Records drawn from a dataset
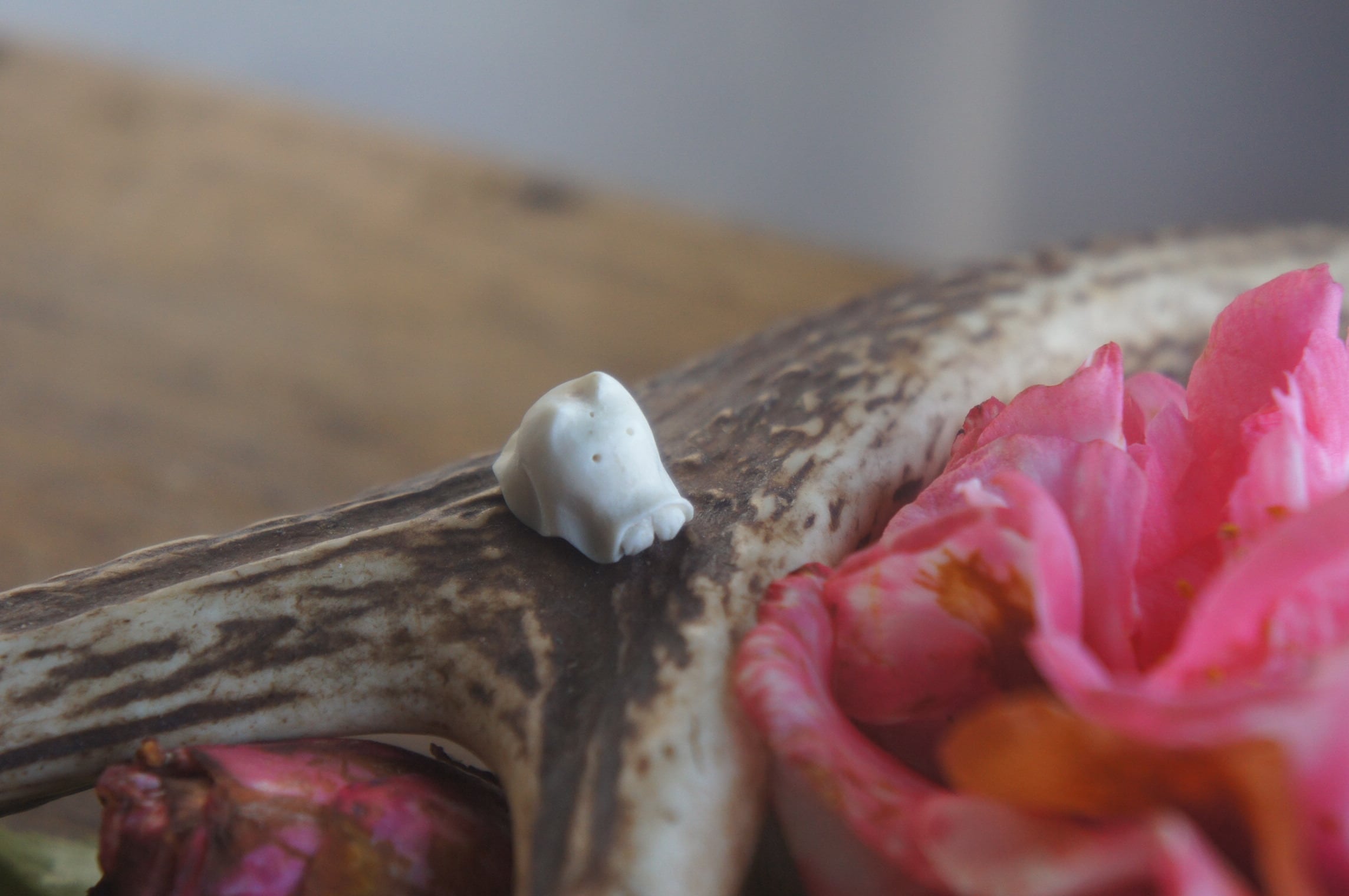 鹿の角から彫刻した、指先ほどの小さなおばけ。
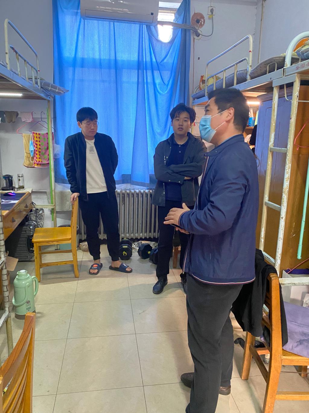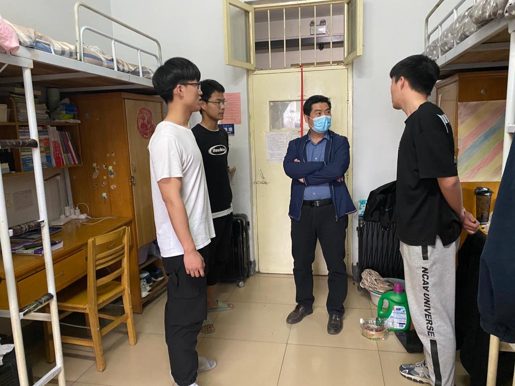 在巡查走访过程中,石书记一行实地查看了学生线上学习情况,同时了解了同学们对于疫情防控下学校政策的态度。课间,石书记亲切慰问了宿舍里的同学,勉励学生要克服困难,端正学习态度,规范学习行为,更加自觉自律地进行学习。有一部分同学表示教学效果还是不错的,也有部分同学表示线上教学受到条件的限制,相较于线下效果差了些,和老师之间的互动感变弱了。同时同学们表示在疫情之下,支持和理解学校的闭环式管理,特殊时期的特殊政策也是为了全校师生的生命安全考虑。
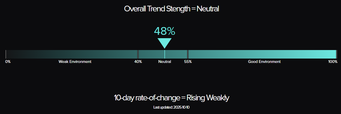 Trend conditions improved slightly into mid-week, with the barometer pushing closer to the “good environment” threshold. Friday’s event may shave some momentum into next week but the trend environment remains balanced—neither hot nor cold.
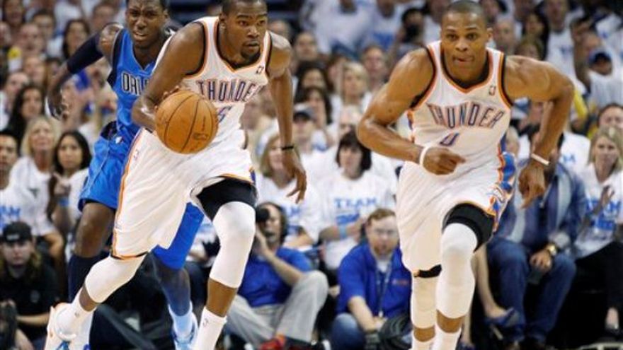 Dirk Nowitzki estaba esperando un rebote benévolo similar al que le permitió a Kevin Durant darle la ventaja al Thunder de Oklahoma City en el primer partido de la serie de primera ronda de playoffs. Cuando Nowitzki no lo consiguió, los Mavericks de Dallas se tuvieron que conformar con otra derrota frustrante y una cuesta arriba para sobrevivir en su primera postemporada luego de llevarse el título de NBA. Russell Westbrook anotó 29 puntos y Kevin Durant agregó 26 el lunes para que el Thunder de Oklahoma City batiera 102-99 al campeón defensor Dallas, para colocarse con una ventaja de 2-0 sobre los Mavericks en la serie de la primera ronda de playoffs de la Conferencia del Oeste. Los Mavs lideraban el partido en el minuto final, en ambos partidos como visitante en Oklahoma City no pudo llevarse ninguno de los dos y el Thunder se llevó ambas victorias con margen total de cuatro puntos. "De eso se tratan los playoffs", dijo Westbrook. "Dureza". Durant encestó dos tiros libres con 50,4 segundos por jugarse para darle a Oklahoma City una ventaja de 98-97, y James Harden anotó otros cuatro tiros libres para cerrar el encuentro para el Thunder. Jason Terry falló dos intentos de triples de la esquina izquierda en los últimos 5 segundos que hubieran dado el empate a Dallas. "Salimos de estos dos encuentros decepcionados, pero no derrotados. Uno se quita el sombrero por el hecho de que hicieron grandes jugadas", dijo el entrenador de Dallas Rick Carlisle. "Ahora, tenemos que ir a casa y hacer lo mismo". El tercer encuentro de la serie se jugará el jueves por la noche en Dallas. "Estamos a un par de rebotes de estar 2-0" dijo el alemán Nowitzki, que lideró a Dallas con 31 puntos pero falló dos tiros en los 75 segundos finales. "Es difícil y frustrante, pero seguiremos intentando. No vamos a desfallecer. Si nos ganan, los vamos a obligar a que se lo merezcan".
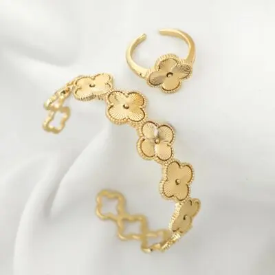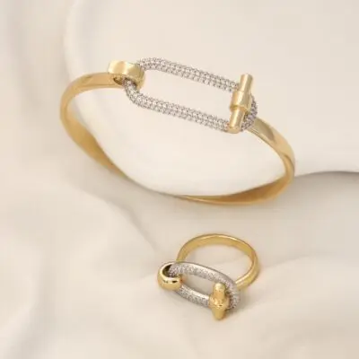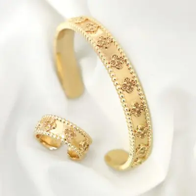 آبکاری18k ست انگشتر و دستبند ونکلیف مسترکپی از نمونه اورجینال ، سطح کار روکش طلا و آبکاری طلای قوی دارد
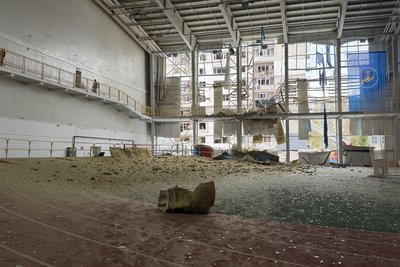 Вибита стіна у легкоатлетичному манежі СумДУ, Суми, 21 квітня 2026 року. Суспільне Суми

→ **WHAT YOU SHOULD DO**
Please reproduce the records above exactly, omitting every picture.

→ **RESPONSE**
 鹿の角から彫刻した、指先ほどの小さなおばけ。
 在巡查走访过程中,石书记一行实地查看了学生线上学习情况,同时了解了同学们对于疫情防控下学校政策的态度。课间,石书记亲切慰问了宿舍里的同学,勉励学生要克服困难,端正学习态度,规范学习行为,更加自觉自律地进行学习。有一部分同学表示教学效果还是不错的,也有部分同学表示线上教学受到条件的限制,相较于线下效果差了些,和老师之间的互动感变弱了。同时同学们表示在疫情之下,支持和理解学校的闭环式管理,特殊时期的特殊政策也是为了全校师生的生命安全考虑。
 Trend conditions improved slightly into mid-week, with the barometer pushing closer to the “good environment” threshold. Friday’s event may shave some momentum into next week but the trend environment remains balanced—neither hot nor cold.
 Dirk Nowitzki estaba esperando un rebote benévolo similar al que le permitió a Kevin Durant darle la ventaja al Thunder de Oklahoma City en el primer partido de la serie de primera ronda de playoffs. Cuando Nowitzki no lo consiguió, los Mavericks de Dallas se tuvieron que conformar con otra derrota frustrante y una cuesta arriba para sobrevivir en su primera postemporada luego de llevarse el título de NBA. Russell Westbrook anotó 29 puntos y Kevin Durant agregó 26 el lunes para que el Thunder de Oklahoma City batiera 102-99 al campeón defensor Dallas, para colocarse con una ventaja de 2-0 sobre los Mavericks en la serie de la primera ronda de playoffs de la Conferencia del Oeste. Los Mavs lideraban el partido en el minuto final, en ambos partidos como visitante en Oklahoma City no pudo llevarse ninguno de los dos y el Thunder se llevó ambas victorias con margen total de cuatro puntos. "De eso se tratan los playoffs", dijo Westbrook. "Dureza". Durant encestó dos tiros libres con 50,4 segundos por jugarse para darle a Oklahoma City una ventaja de 98-97, y James Harden anotó otros cuatro tiros libres para cerrar el encuentro para el Thunder. Jason Terry falló dos intentos de triples de la esquina izquierda en los últimos 5 segundos que hubieran dado el empate a Dallas. "Salimos de estos dos encuentros decepcionados, pero no derrotados. Uno se quita el sombrero por el hecho de que hicieron grandes jugadas", dijo el entrenador de Dallas Rick Carlisle. "Ahora, tenemos que ir a casa y hacer lo mismo". El tercer encuentro de la serie se jugará el jueves por la noche en Dallas. "Estamos a un par de rebotes de estar 2-0" dijo el alemán Nowitzki, que lideró a Dallas con 31 puntos pero falló dos tiros en los 75 segundos finales. "Es difícil y frustrante, pero seguiremos intentando. No vamos a desfallecer. Si nos ganan, los vamos a obligar a que se lo merezcan".
 آبکاری18k ست انگشتر و دستبند ونکلیف مسترکپی از نمونه اورجینال ، سطح کار روکش طلا و آبکاری طلای قوی دارد
 Вибита стіна у легкоатлетичному манежі СумДУ, Суми, 21 квітня 2026 року. Суспільне Суми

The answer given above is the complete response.